RadTract calculates 105 radiomics features in each parcel and for each parameter map. The calculated features can be categorized in the following types:

  • First Order Statistics (18)

  • Shape-based (14)

  • Texture (73):

    • Gray Level Cooccurence Matrix (22)

    • Gray Level Run Length Matrix (16)

    • Gray Level Size Zone Matrix (16)

    • Neighbouring Gray Tone Difference Matrix (5)

    • Gray Level Dependence Matrix (14)

Feature calculation is based on pyradiomics, a widely used open-source Python package for radiomics feature calculation34. The Feature calculation can be easily customized using yaml-based parameter files. The complete list of features used in this work can be found in Supplementary Table 9 and the yaml file used to parameterize the feature extraction is included in the supplementary code.

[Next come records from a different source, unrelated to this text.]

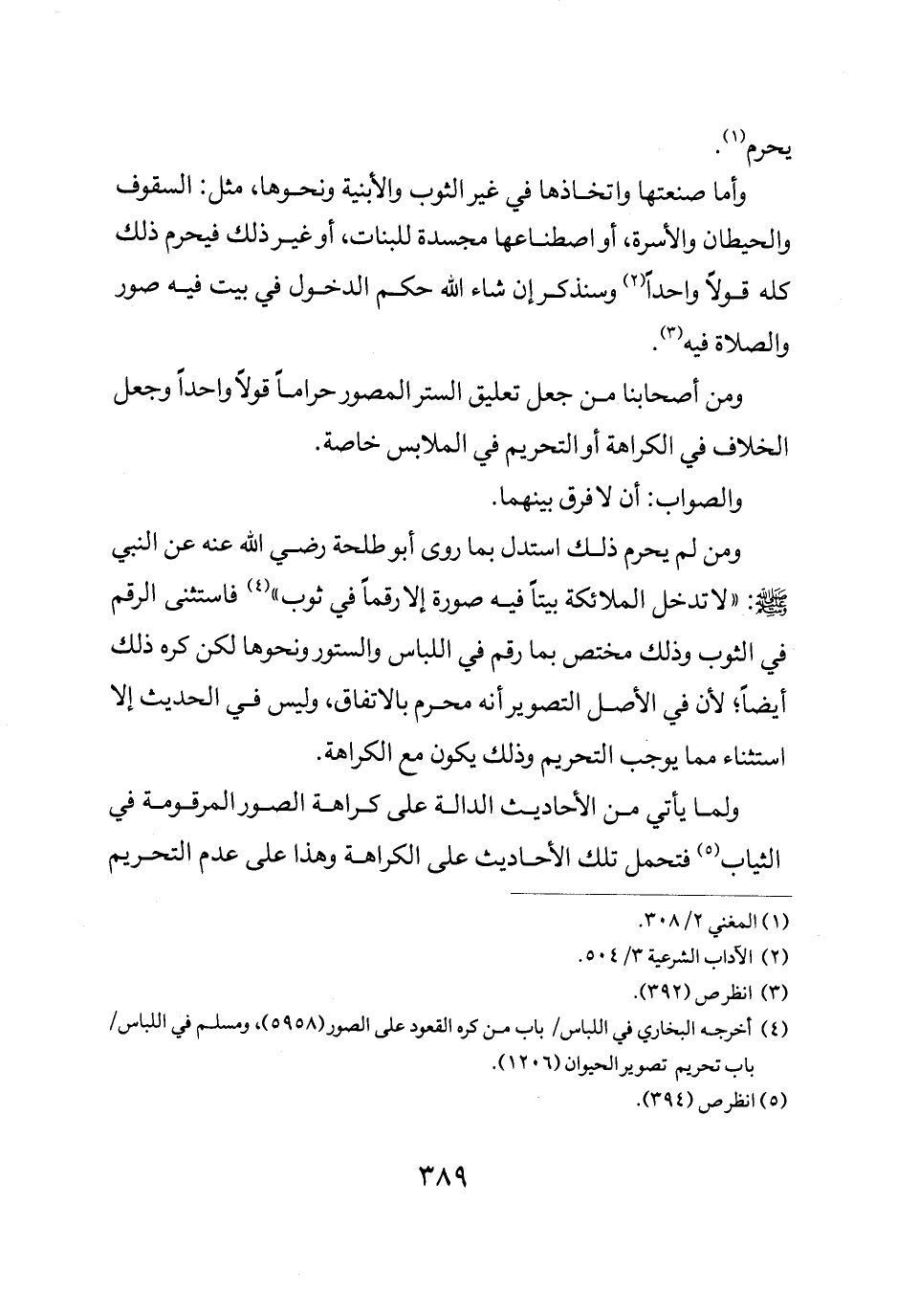 ومن لم يحرم ذلك استدل بما روى أبو طلحة رضي الله عنه عن النبي صلى الله عليه وسلم: "لا تدخل الملائكة بيتا فيه صورة إلا رقما في ثوب" فاستثنى الرقم في الثوب وذلك مختص بما رقم في اللباس والستور ونحوها لكن كره ذلك أيضا لأن في الأصل التصوير أنه محرم بالتفاق وليس في الحديث إلا استثناء ما يوجب التحريم وذلك يكون مع الكراهة.
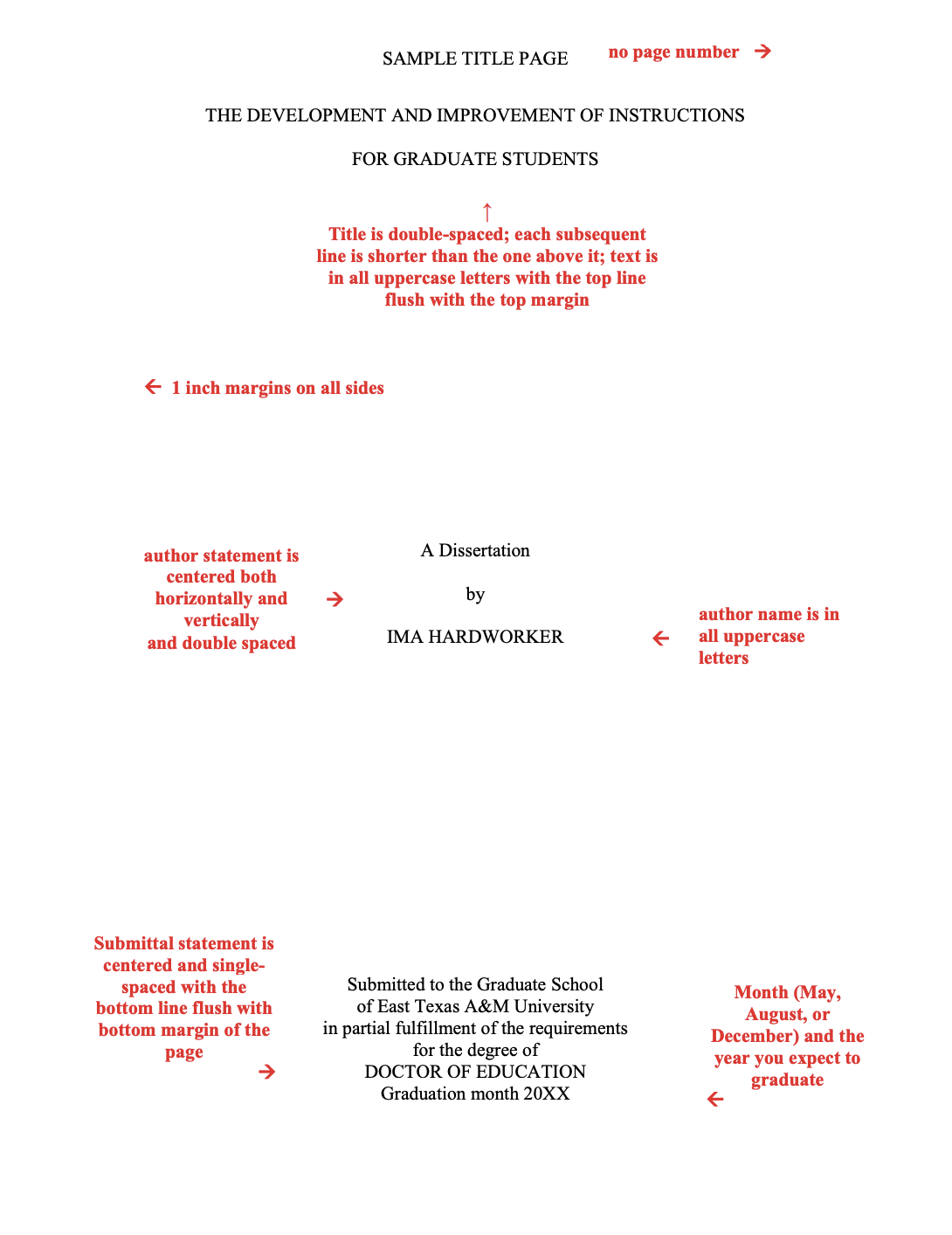 - Include a permanent address that will be good for two years. Because your thesis or dissertation will be available worldwide via the Internet, we recommend you use a professional address or the East Texas A&M department address.
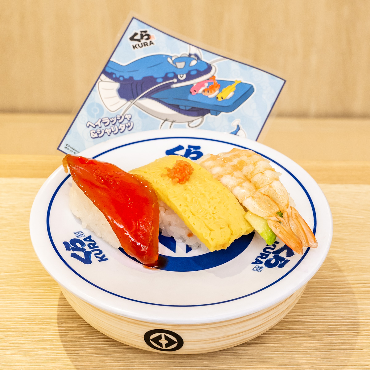 ぎたいポケモンシャリタツの、そったすがた、たれたすがた、のびたすがたとヘイラッシャをイメージしたお寿司と、ピカチュウをイメージした期間限定のオリジナルメニューが提供されます。
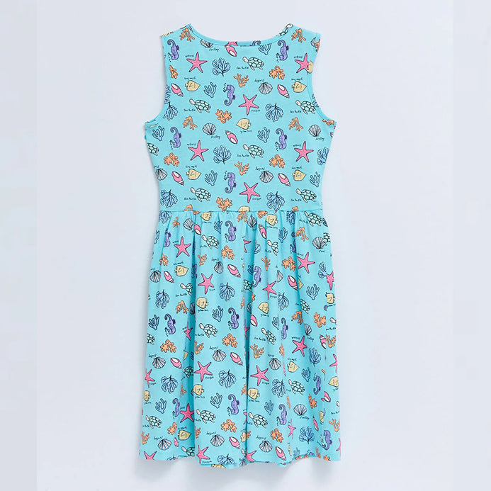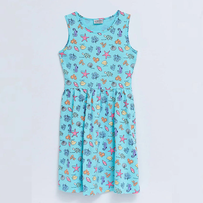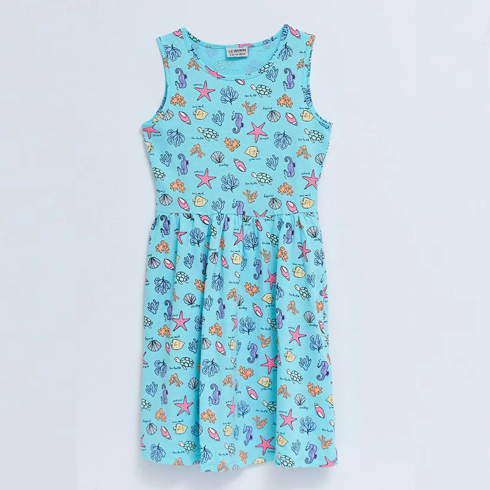 LCW Sea Animals Print Turquoise Sleeveless Frock 11737
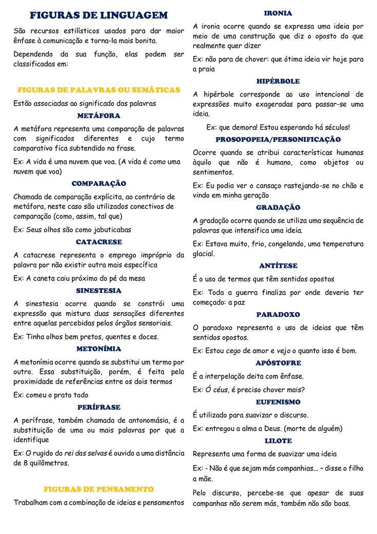 <p>FIGURAS DE LINGUAGEM IRONIA A ironia ocorre quando se expressa uma ideia por São recursos estilísticos usados para dar maior meio de uma construção que diz 0 oposto do que à comunicação e torna-la mais bonita. realmente quer dizer Dependendo da sua função, elas podem ser Ex: não para de chover: que ótima ideia vir hoje para classificadas em: a praia HIPÉRBOLE FIGURAS DE PALAVRAS OU SEMÂTICAS A hipérbole corresponde uso intencional de Estão associadas ao significado das palavras expressões muito exageradas para passar-se uma METÁFORA ideia. A representa uma comparação de palavras Ex: que demora! Estou esperando há séculos! com significados diferentes e cujo termo PROSOPOPEIA/PERSONIFICAÇÃO comparativo fica subtendido frase. Ocorre quando se atribui características humanas Ex: A vida é uma nuvem que (A vida é como uma àquilo que não é humano, como objetos ou nuvem que voa) COMPARAÇÃO Ex: Eu podia ver cansaço rastejando-se no chão e Chamada de comparação explícita, ao contrário de vindo em minha geração neste caso são utilizados conectivos de GRADAÇÃO comparação (como, assim, tal que) A gradação ocorre quando se utiliza uma sequência de Ex: Seus olhos são como jabuticabas palavras que intensifica uma CATACRESE Ex: Estava muito, frio, congelando, uma temperatura A catacrese representa emprego impróprio da glacial. palavra por não existin outra mais específica ANTÍTESE Ex: A caneta caju próximo do pé mesa É uso de termos que têm sentidos opostos SINESTESIA Ex: Toda a guerra finaliza por onde deveria ter A sinestesia ocorre quando se uma começado: a paz expressão que mistura duas sensações diferentes PARADOXO entre aquelas percebidas pelos órgãos paradoxo representa uso de ideias que têm Ex: Tinha olhos bem pretos, quentes e doces. sentidos opostos. METONÍMIA Ex: Estou cego de amor e vejo o quanto isso é bom. A metonímia ocorre quando se substitui um termo por APÓSTOFRE outro. Essa substituição, porém, é feita pela É a interpelação deita com proximidade de referências entre os dois termos Ex: ó céus, é preciso chover mais? Ex: comeu prato todo EUFENISMO PERÍFRASE É utilizado para suavizar 0 A também chamada de é a substituição de uma ou mais palavras por que a Ex: entregou a alma a Deus. (morte de alguém) identifique LILOTE Ex: o rugido do rei das selvas é ouvido a uma distância Representa uma forma de suavizar uma ideia de 8 quilômetros. Ex: - Não é que sejam más companhias.. disse filho a mãe. FIGURAS DE PENSAMENTO Pelo discurso, percebe-se que apesar de suas Trabalham com a combinação de ideias e pensamentos campanhas não serem más, também não são</p>
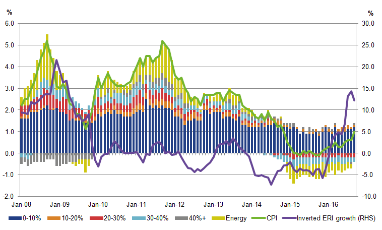 "The big change in our economic circumstances since June's referendum has of course been the sharp depreciation of sterling. So manufacturers have faced higher prices for some raw materials and that in turn has started to push up the prices of goods leaving factories.

Since RadTract produces numerous features per tact, automatic feature selection is vital for later analysis. A large variety of feature selection techniques exist, and the best choice depends on the concrete task. A detailed analysis of this aspect would go beyond the scope of this work. In our experiments, we first removed all constant features as well as all highly correlated (Pearson correlation > 0.95) and therefore likely redundant features. Second, we used a simple and fast univariate feature selection implemented in scikit-learn on the training data to further automatically reduce the respective input feature set to k features76. This type of feature selection works by selecting the best features based on univariate statistical tests. In case of a classification experiments, this method computes the ANOVA F-value between each feature and the target variable. In case of a regression task, this is done by calculating the linear correlation of each feature with the target variable. Both approaches return the F-value and p-value for each feature. The F-value measures the difference in means between the classes or the linear correlation coefficient, for classification and regression respectively, while the p-value measures the significance of the difference/correlation. The higher the F-value and the lower the p-value, the more significant the feature is in predicting the target variable. This approach for feature selection is supervised, meaning it does indeed use the target variables. Therefore, the feature selection is performed on the training samples only, not on the test samples. The process is deterministic, meaning that given the same samples, the same features will be selected. Nevertheless, the selected features might be different across folds.

Statistical tests

Tests for significance of the classification experiments were performed using Delong’s method for statistical comparisons of ROC curves (https://github.com/yandexdataschool/roc_comparison, commit hash 44fcd23). A tract-level-result was deemed significant if the mean p across repetitions was smaller than 0.05. In case of a multi class experiment, the tests were performed for each class independently using the One-vs-the-Rest (OvR) strategy and an improvement was deemed significant if p < 0.05 for at least one of the classes.

Implementation details

We used the support vector classification as well as random forest classification and regression implemented in scikit-learn (v1.1.2) in our implementation of the RadTract parcellation function as well as all classification and regression experiments76. Default parameterization was used if not stated otherwise. Pyradiomics v3.0.1 was used for all radiomics feature calculations34. Further used python packages include numpy (v1.23.3), scipy (v1.9.1), pydicom (v2.3.0), nibabel (v4.0.2), skimage (v0.19.3), dipy (v1.5.0), TractSeg (v2.7) and vtk (v9.2.0)47,77,78,79,80,81,82. Python version 3.10 was used in all experiments.

Reporting summary

Further information on research design is available in the Nature Portfolio Reporting Summary linked to this article.